# How to decide stability of Runge-Kutta method for non-linear ODE?

I'm working on a parameter study of Duffing's equation

$\ddot x + \delta \dot x + \alpha x + \beta x^3 = \gamma \cos{\omega t},$

where $\delta, \alpha, \beta, \gamma$ and $\omega$ are real parameters and $\dot x := dx/dt$. Substituting $x \rightarrow u, \dot x\rightarrow v$ in the usual manner, the idea is to integrate the system

$\dot u = v$,
$\dot v = \gamma \cos{\omega t} - \delta v - \alpha u - \beta u^3$

using the fourth order Runge-Kutta method. I've chosen this pretty much because it's standard. My questions are:

1) How do I determine whether this method is at all applicable to the problem? Is the problem stiff, and should I choose a different method?

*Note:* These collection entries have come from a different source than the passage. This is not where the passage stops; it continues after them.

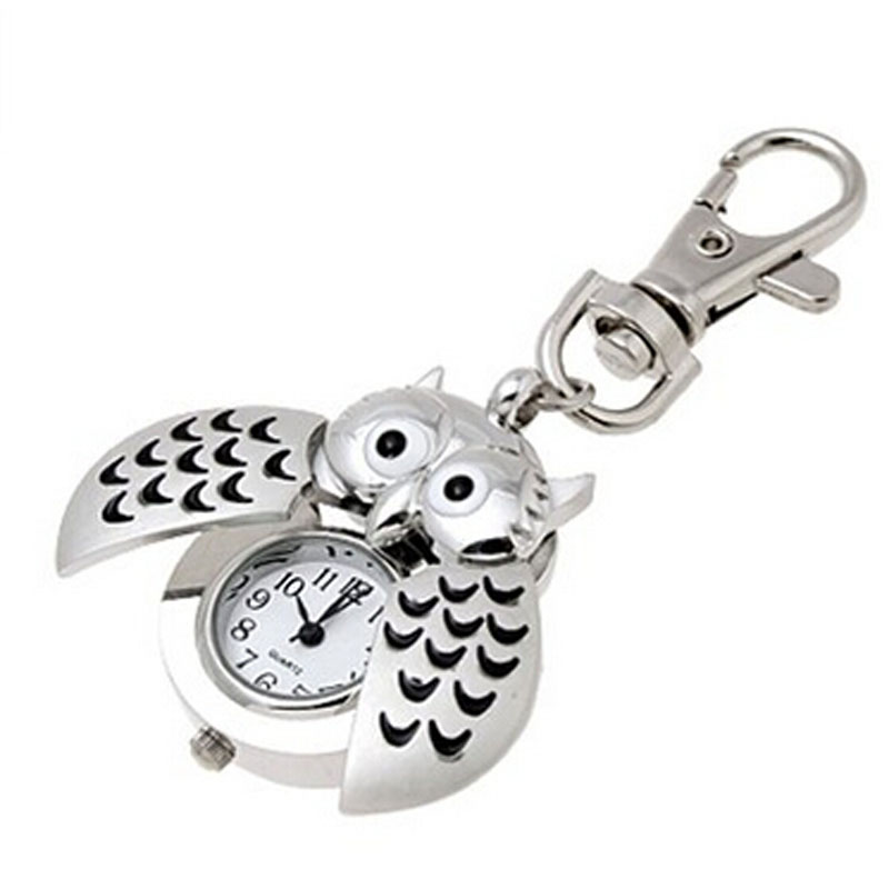 Мини металлическое кольцо для ключей Сова с двойным открытием Кварцевые часы-серебро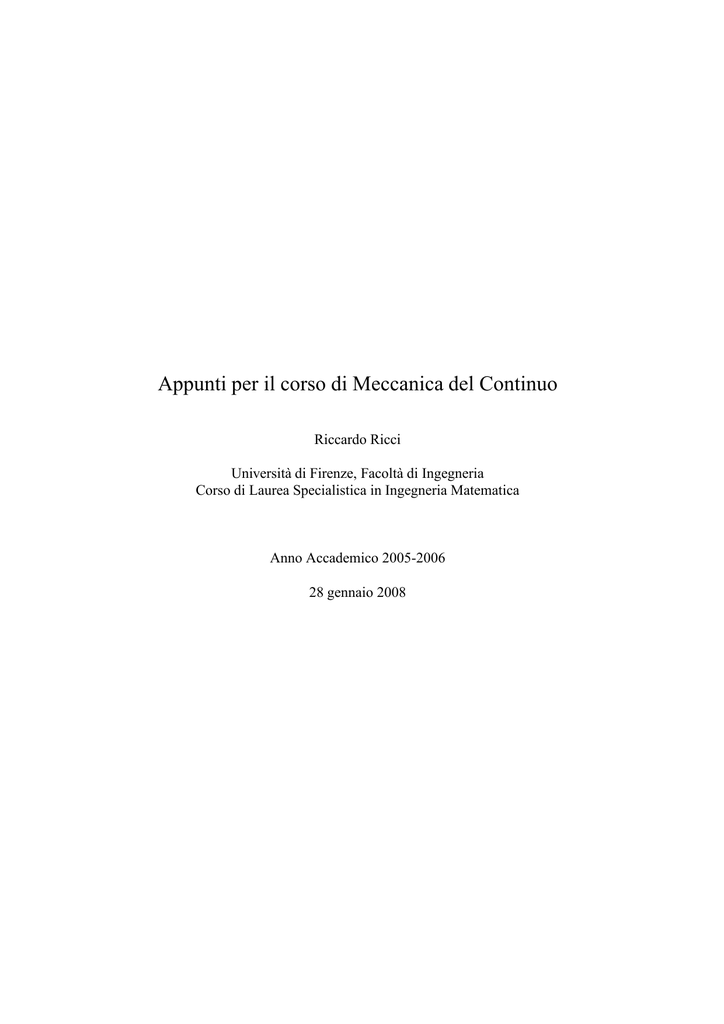Appunti per il corso di Meccanica del Continuo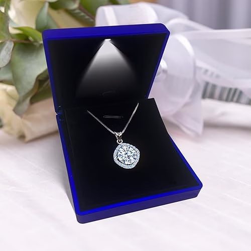 Moissanite is a gem closest to natural diamonds with heavy 18k white gold plating to last lifetime. Hypoallergenic and nickel and lead free, unlike cheaper metals, sterling silver moissanite necklace will not irritate your skin, it will not cause redness and swelling to your neck and will ensure your comfortable use.

This of course is complicated by the fact that Duffing's equation doesn't have an analytical solution for most parameters.

2) How do I determine what step size to use - ie. how is the error resulting from a given step size estimated? (I would very much like to avoid implementing an adaptive step size.)

Being pointed towrads good references will be much appreciated! Best regards, \T

You can apply linear stability analysis. That is, for given $u=(x,v)$ compute the linearization $Df(u)$ of the right hand side if the equation is $u‘=f(u)$. The problem is stiff if those differ by orders of magnitude. At a glance, I would not expect this.